Violet focused on him since the office was so plain. He stopped reaching into the baskets and read the ones he chose more carefully, occasionally re-shuffling their order.

“Alright, Sorry,” Wilbur finally said after stapling his packet together. “Your group is kind of a new situation, we don’t have a standardized packet yet. So, welcome to the real world! ” he added with a broad, warm grin. It was the first time he gave her his full attention, and his smile put Violet at ease. 

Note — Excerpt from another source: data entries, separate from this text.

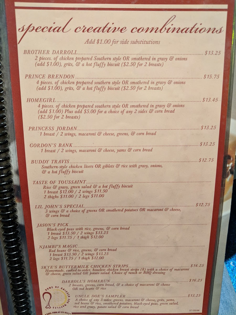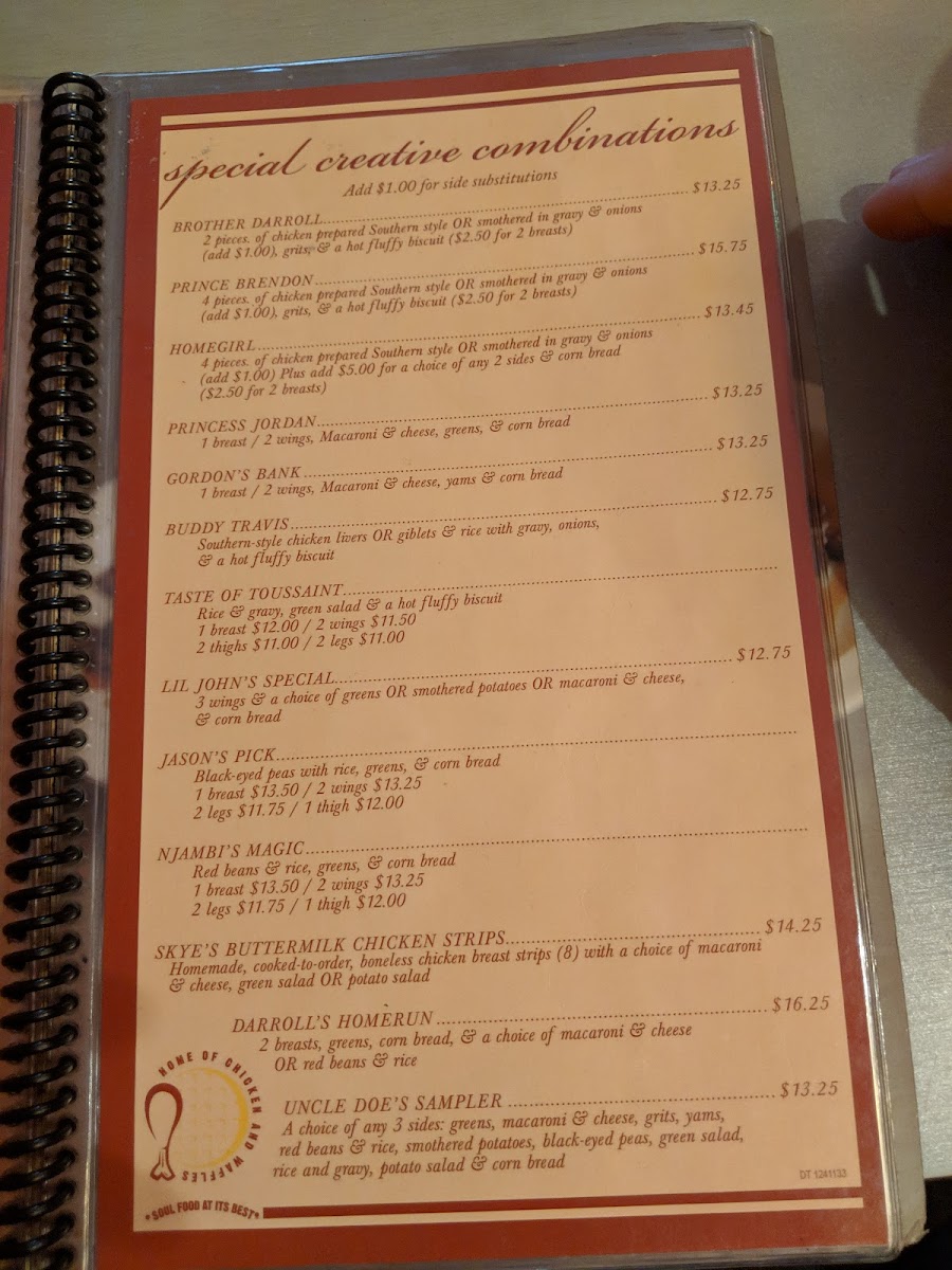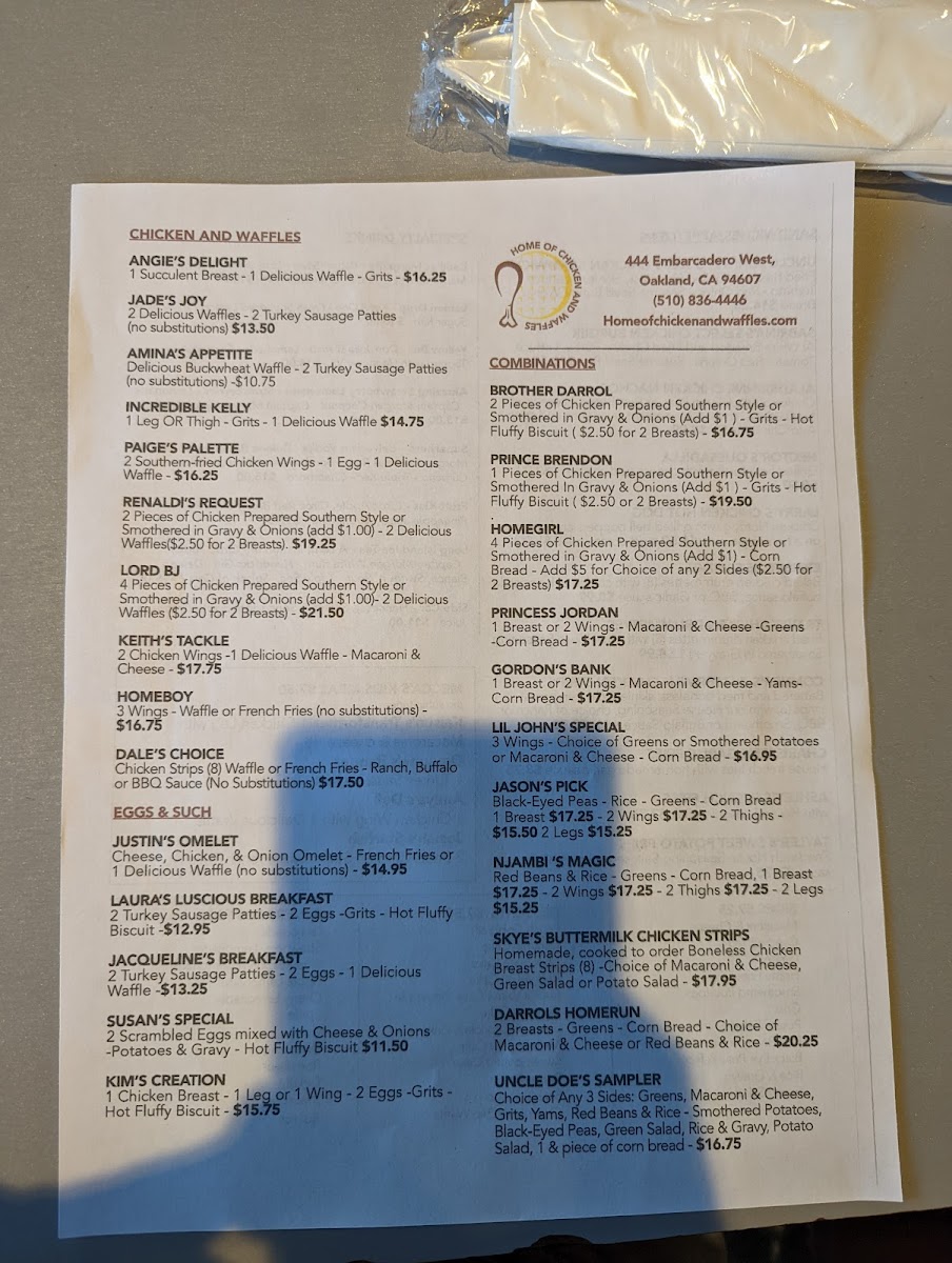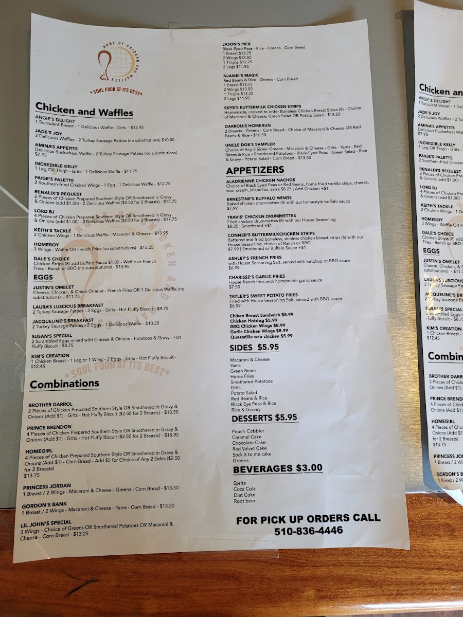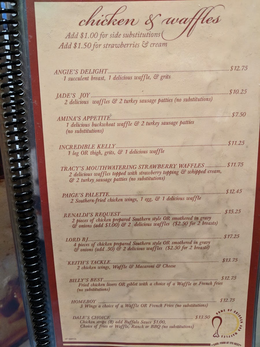 Home of Chicken & Waffles Menu
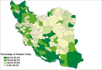 ![]() Percentage of votes that went to Mohammad Khatami per county | |||||||||||||||||
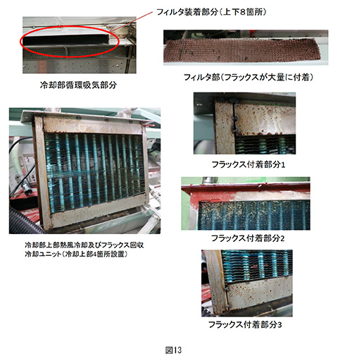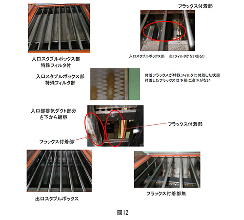 フィルタを装着し、フラックスの蓄積・付着・滴下の防止を実現した。
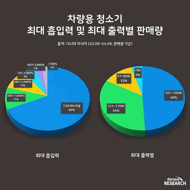차량용 청소기의 최대 흡입력과 출력별 판매량을 분석한 결과, 흡입력 옵션 중 가장 높은 등급인 7,001Pa 이상의 흡입력을 가진 제품이 전체 판매량의 69%로 가장 인기가 높은 것으로 나타났다. 그 뒤를 이어 5,001~7,000Pa 제품이 11%, 3,001~4,000Pa 제품이 10%의 비율을 차지했다.
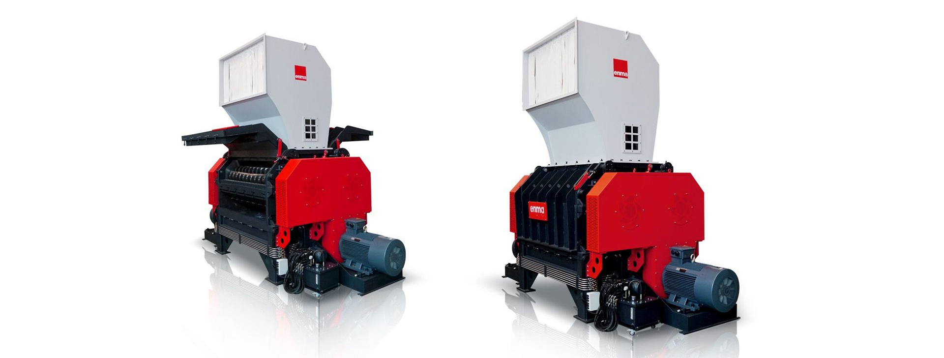 EnMa SG series two-shaft shredder+granulator two-in-one machine can recycle all kinds of plastics, films, larger plastic blocks or extra-large containers, all of which can be cut to small particles for further processing.
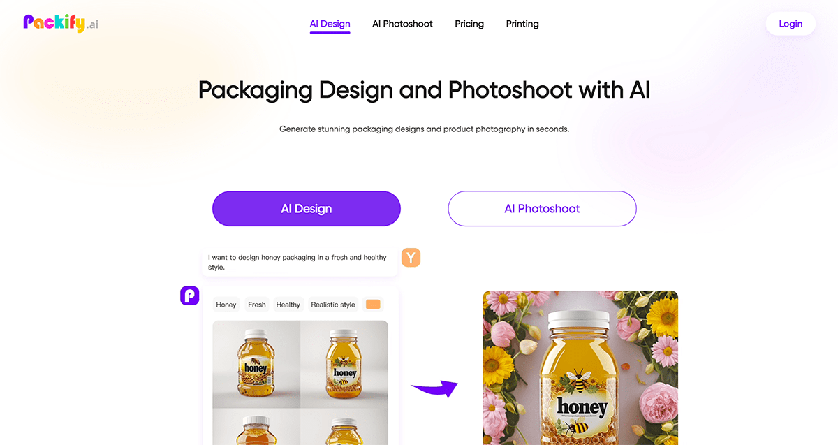 用户可以通过简单的文本提示或对话,描述他们的包装设计想象,Packify AI会根据这些输入生成创意设计方案。
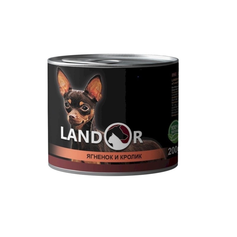 Landor влажный корм для собак мелких пород с ягненком и кроликом в консервах - 200 г
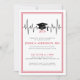 This heartbeat-themed graduation invitation features a bold and modern design with striking red accents. A sleek double-line frame in red outlines the edges, adding a refined touch. The EKG heartbeat line in the centre is complemented by a graduation cap displaying "Class of," with the graduation year below, making it a meaningful choice for celebrating a medical or nursing school graduate. A mix of black and red serif and modern typography enhances the stylish and contemporary look.
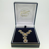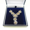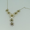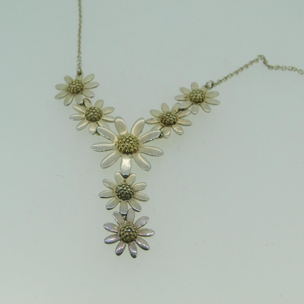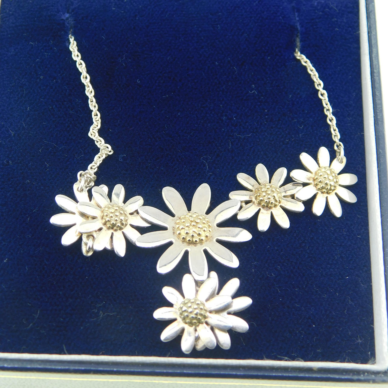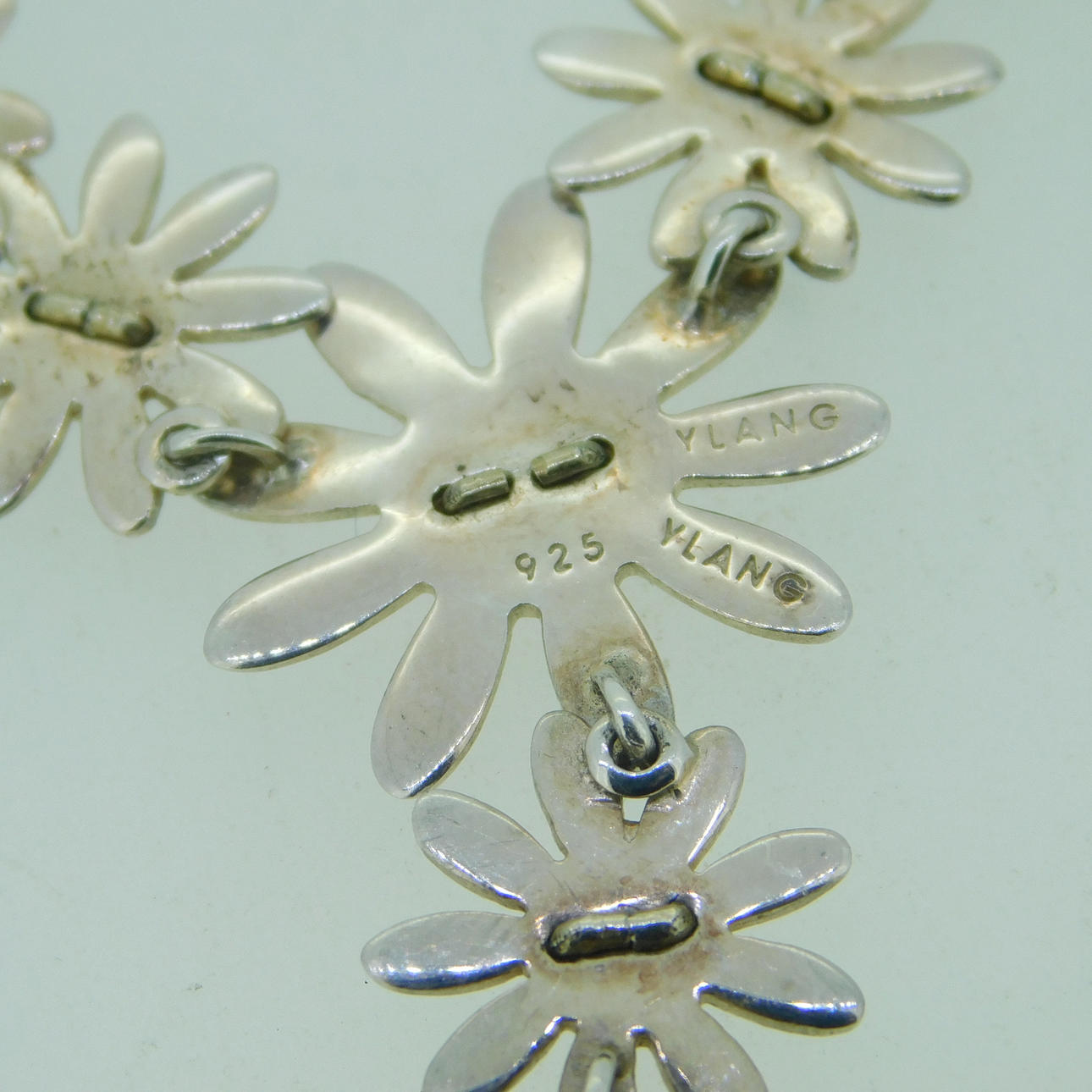 Sølv Ylang Ylang halskæde med margueritter dekoration og marguerit drop Halskæden er stemplet 925 (testet som sølv) Tusindfrydens centre er forgyldt / effekt Halskæden er ca 16" (40,5 cm) i længden og er bygget af 5 tusindfryd som en integreret del af længden af kæden med en ekstra dråbe på 2 tusindfryd, som er ca. 1¼" (3,2 cm) og vægten af hele halskæden er 8g. Producenten er Ylang Ylang, som blev grundlagt i 1985 i Florida, USA af Ray og Lois Morganstern Halskæden er i en J Lawrence (Newbury) æske, som vejer 61,6 g, så den samlede vægt er 69,6 g.
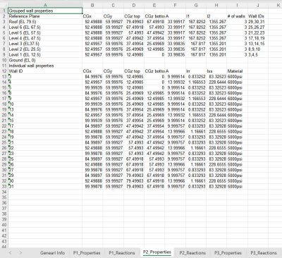 After completion of the analysis of a model, wall pier results can be produced. Note these results are different than those for the design of wall design sections and are primarily the wall pier geometric and physical properties as well as pier reactions for the last run model analysis. Wall pier results can be produced Graphically or as a Microsoft Excel® data file in .XLS format.
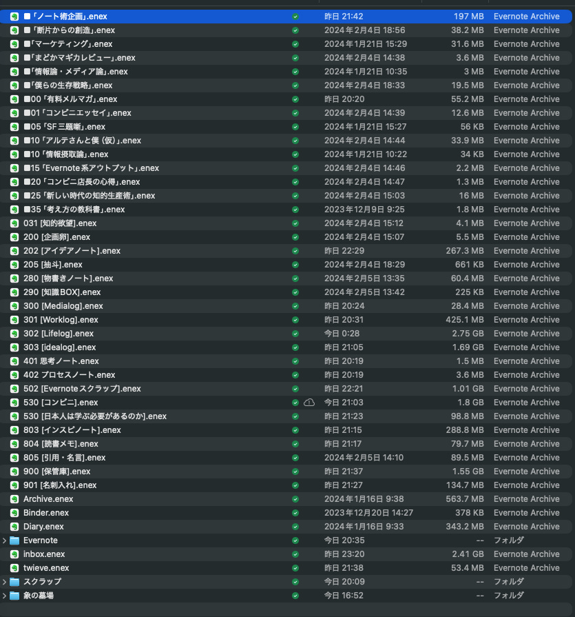 現状Evernoteのノート全てを一気にエクスポートするのは難しいので、ノートブック一つずつに対してエクスポート操作を行いました。ファイル一つが、ノートブック一つです。サイズはいろいろですが、中には2GB以上のものがありますね。
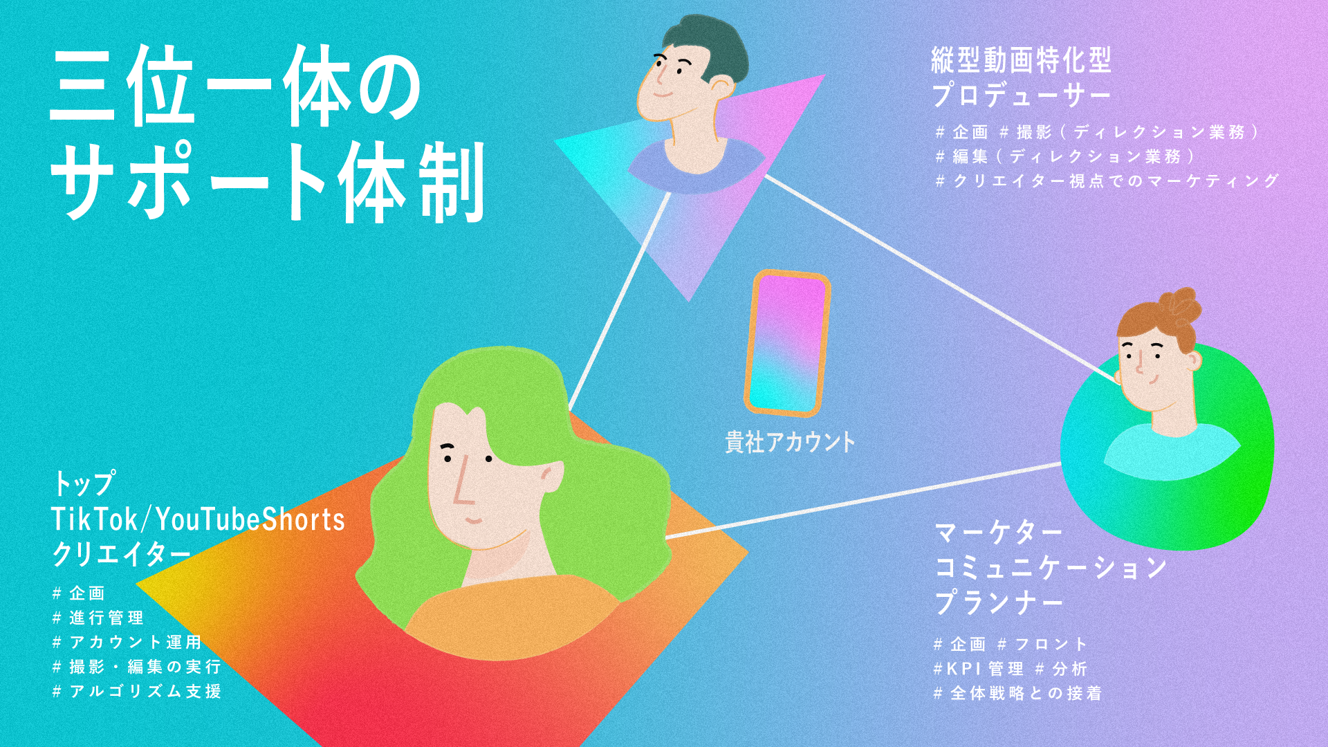 縦型動画メディアのトップインフルエンサー・広告プランナー・縦型動画に特化したプロデューサーによる三位一体のサポート体制を実現することで、スピードと品質を両立した企業の縦型動画の効果的な制作・活用を全面的にサポートしてまいります。
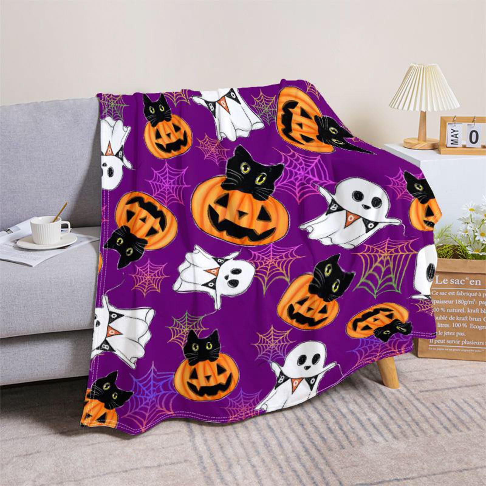 Halloween Decke 150x200cm Mit Kürbis Geister Motiv - Kuscheliges Geschenkset Mit Tasche

“Let’s start with the easy ones,” he said. “What’s your full name?”

“Violet Victoria,” she replied quietly.

“That’s a beautiful name. How old are you, Violet?”

“15”

“Okay. What kind of education did you get down there?” Violet tilted her head at the question.

“What kind of what?” she asked.

“Uh..,” Wilbur didn’t expect the question. “Can you read?”

“Yes, Mr. Johnson,” she said and nodded at his nametag.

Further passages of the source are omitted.